Datasets and Techniques
Data
The data for this project derives from 3 different open source databases that provide us with the 5 different data sets used. These include the “New York City Regular All Formulations Retail Gasoline Prices” from the eia U.S. Energy Information Administration, the “Per Capita Personal Consumption Expenditures: Total for New York (NYPCEPC) from the Economic Research Federal Reserve Bank of St. Louis, and the “Inventory of New York City Greenhouse Gas Emissions” from the NYC Mayor’s Office of Sustainability.
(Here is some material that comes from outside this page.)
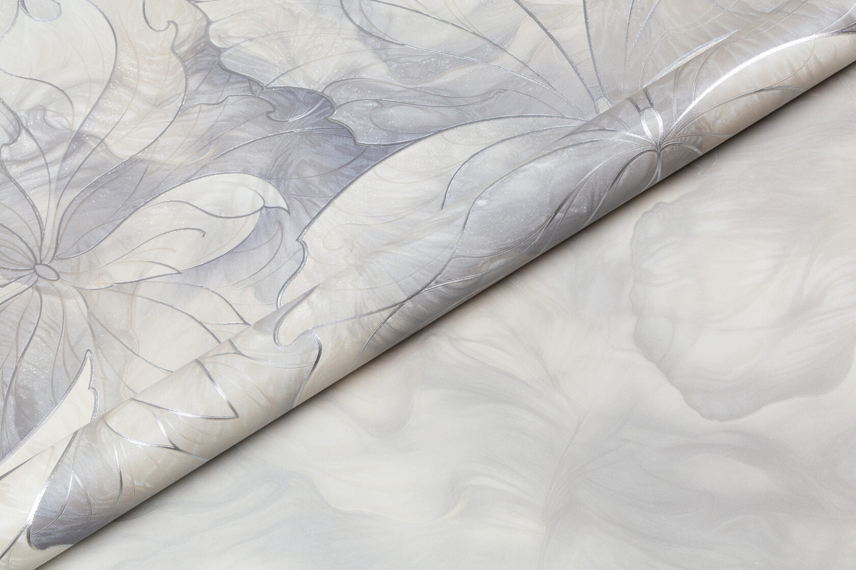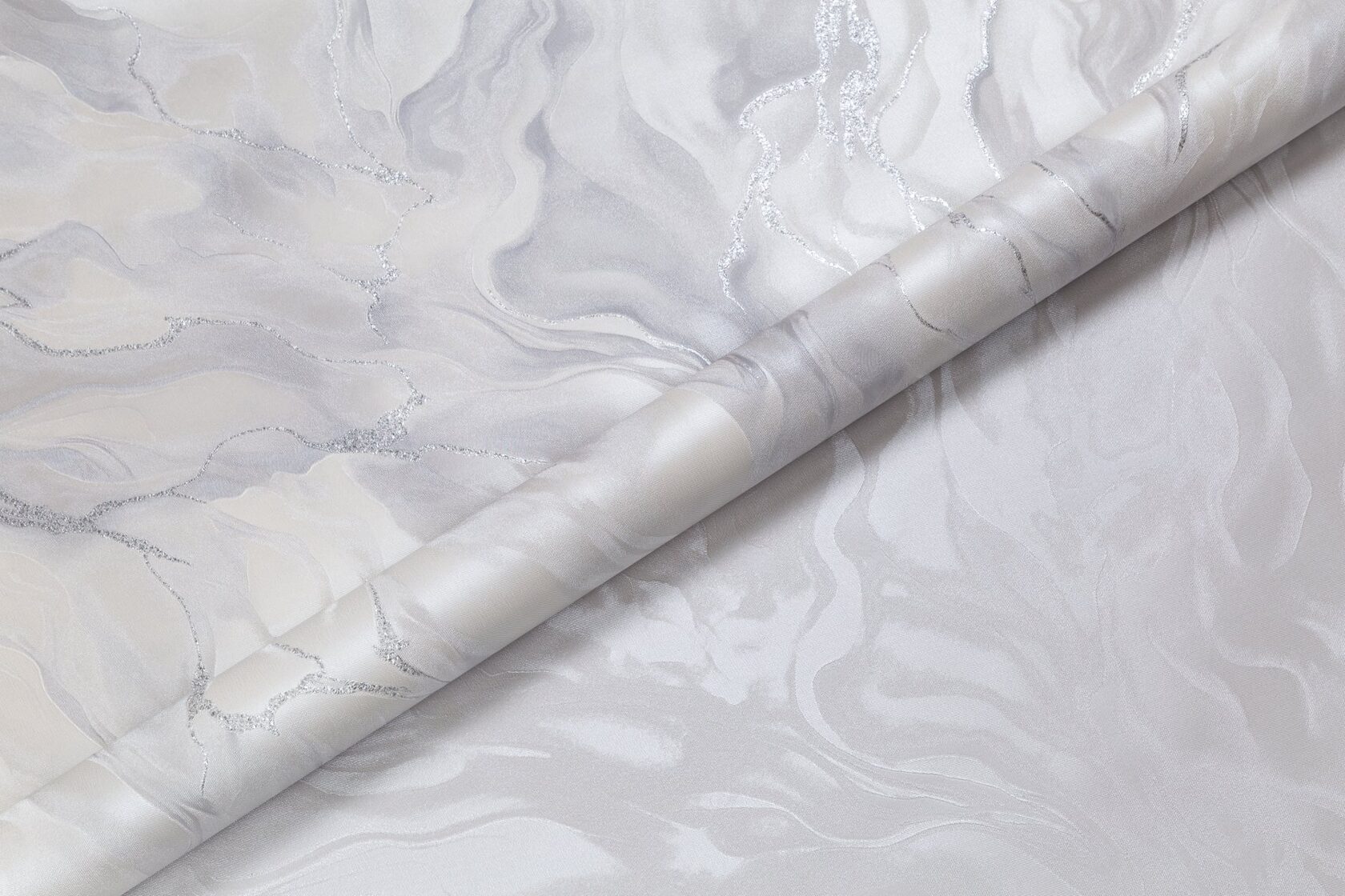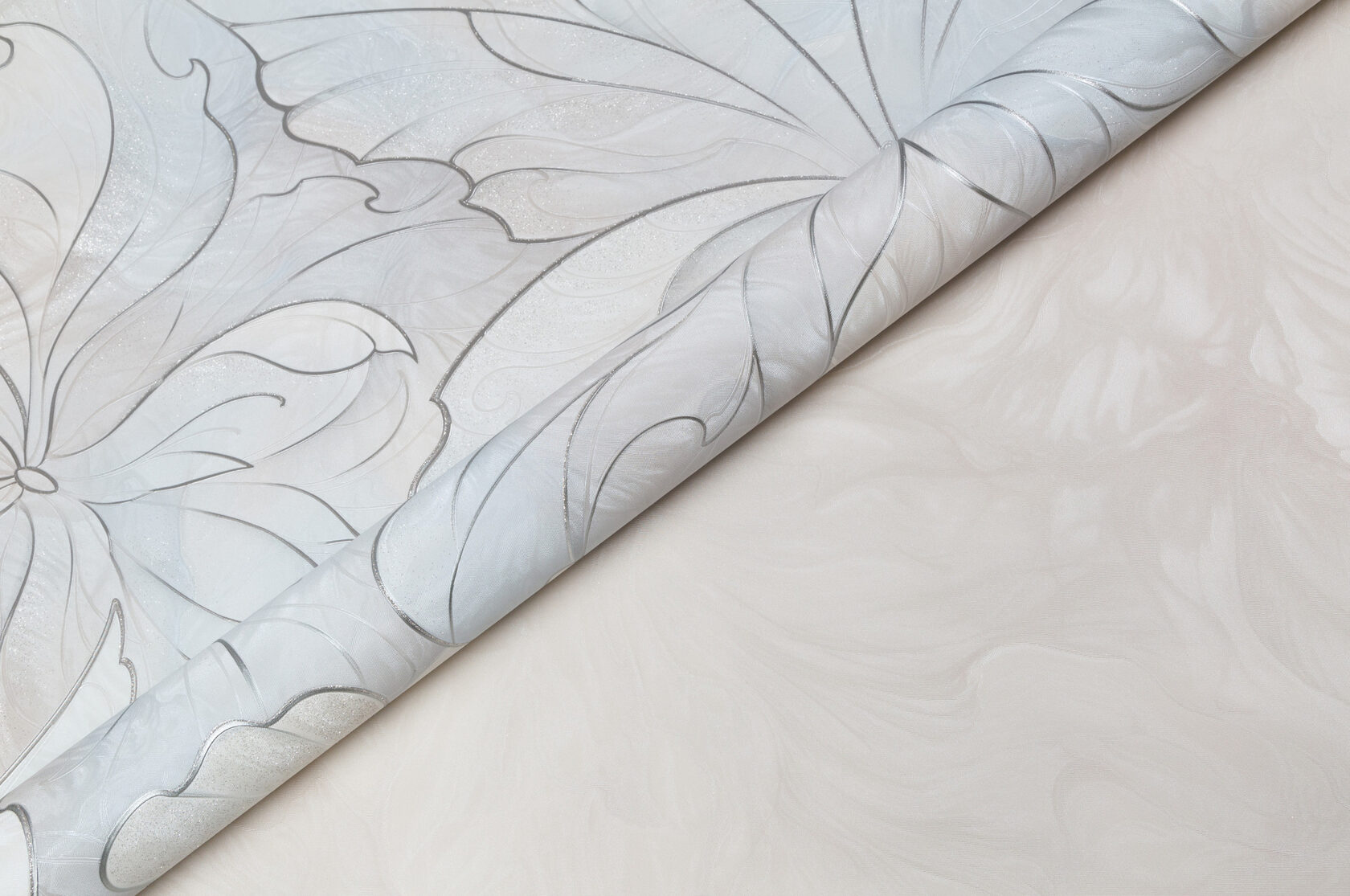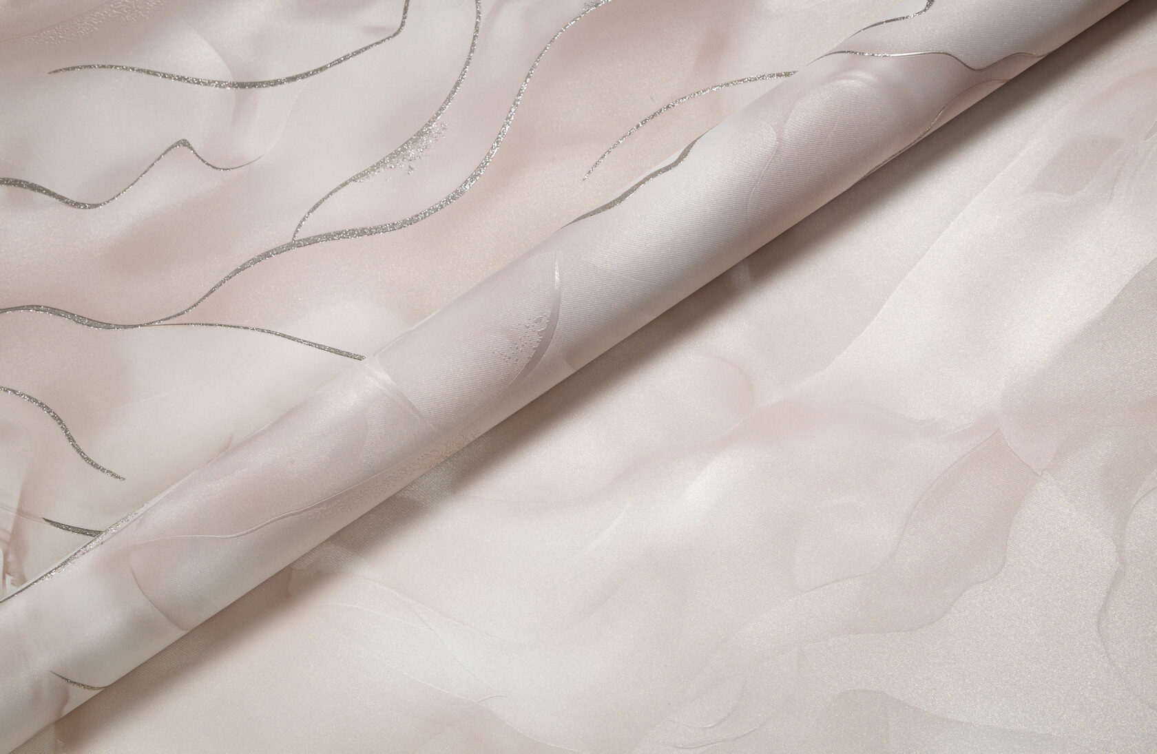 Мотив Znak vodoleya - это фактура струящегося шелка на обоях с деликатными переливами перламутра на мягких складках. Благодаря изящной игре света и контрастным полутонам на поверхности текучих шелковых волн, фактура кажется объемной.

The NYC gas dataset provided by the eia, provides New York City’s Regular all formulations retail gasoline prices in dollars per gallon. The dataset downloaded contains the price per gallon of every month from the year 2000 up to October 2021. The Per Capita Personal Consumption Expenditures dataset provides annual personal consumption expenditures of a given area divided by the resident population of the area, in this case the area being New York and the years provided from 1997 to 2020. The NYC GHG inventory provides us with the Citywide Inventory and City Government Inventory of GHG information. For this project I utilized the Citywide Inventory which consists of direct and indirect GHG emissions from- Stationary energy: energy used by buildings and other stationary sources, as well as fugitive emissions from natural gas distribution; Transportation: on-road transportation, railways, marine navigation, and aviation; and Waste: wastewater treatment, and solid waste generated - all within the city’s boundaries. This inventory that provides us with these 3 datasets, contains emission data from the years 2005 to 2019 and with two metric units - GHG (tCO₂e) and Source Energy (MMBtu), for this project I used GHG.
Techniques
In order to narrow the data to be able to find connections between our activity data (gas & expenditures) and our GHG emissions data (stationary, transportation, & waste) I decided to maintain our datasets within the years 2016 and 2019. To keep a uniformly (x = year and y = dependent piece of data) structure for the visuals and later correlation findings, I utilized pandas, SQL, regex, matplotlib along with other python methods to reduce the number of columns/rows that contained irrelevant or null/blank information.
NYC Gas Prices: In the case of NYC gas prices dataset I created a new dataframe that stores the year and the corresponding year’s average gas price. To do this SQL was used to format and filter the desired years, and the 12 months were grouped by year to compute the average. (for example, in 2016 the average gas price was $2.13)
NYC Per Capita Personal Expenditures: For NYC expenditure (NYPCEPC dataset I created a new dataframe that formats and stores the year and the corresponding year’s average citizen expenditure.(for example in 2016 the average citizen spent $45202)
NYC Waste Emissions: For NYC Waste emissions dataset I created a new dataframe that formats and stores the year and the corresponding year’s emissions produced by waste or more specifically solid waste/landfills. To accomplish this, regex was used to filter out the years from the dataset among removing empty spaces and labels that would have conflicted in creating our visuals. (for example in 2016 the total waste GHG emissions was 1,893,833.414 GHG (tCO₂e))
NYC Transportation Emissions: For NYC Transportation emissions dataset I created a new dataframe that formats and stores the year and the corresponding year’s emissions produced by modes of transportation, more specifically I narrowed down categories to “on-road” which includes buses, heavy duty trucks, medium duty trucks, passenger cars and SWCV; and “railways” which includes the diesel and electricity used by trains. To accomplish this, SQL was used to filter out the years and the desired categories. For this dataset two visuals were created, one that showed the totals for road and train emissions separately, and another one that showed total emissions produced by both modes of transportation. This was done to highlight road transportation far outweighing the amount of emissions produced by train transportation. (for example in 2016, road transportation produced around 14,910,000 GHG(tCO₂e), train transportation produced around 696,706 GHG(tCO₂e), and both combined produced close to 15,540,000 GHG(tCO₂e))
NYC Stationary Emissions: For NYC Stationary emissions dataset I created a new dataframe that formats and stores the year and the corresponding year’s emissions produced by sectors, more specifically I narrowed down categories to “Residential” and “Commercial and Institutional”. These include emission sources related to #2 fuel oil, #4 fuel oil, #6 fuel oil, Biofuel, electricity, natural gas and steam. To accomplish this, SQL was used to filter out the years and the desired categories. For this dataset two visuals were created, one that showed the totals for residential and commercial emissions separately, and another one that showed total emissions produced by both. This was done to highlight residential emissions far outweigh those of commercial. (for example in 2016, residential emissions produced around 17,764,690 GHG(tCO₂e), commercial emissions produced around 14,674,320 GHG(tCO₂e), and both combined produced close to 32,000,000 GHG(tCO₂e)).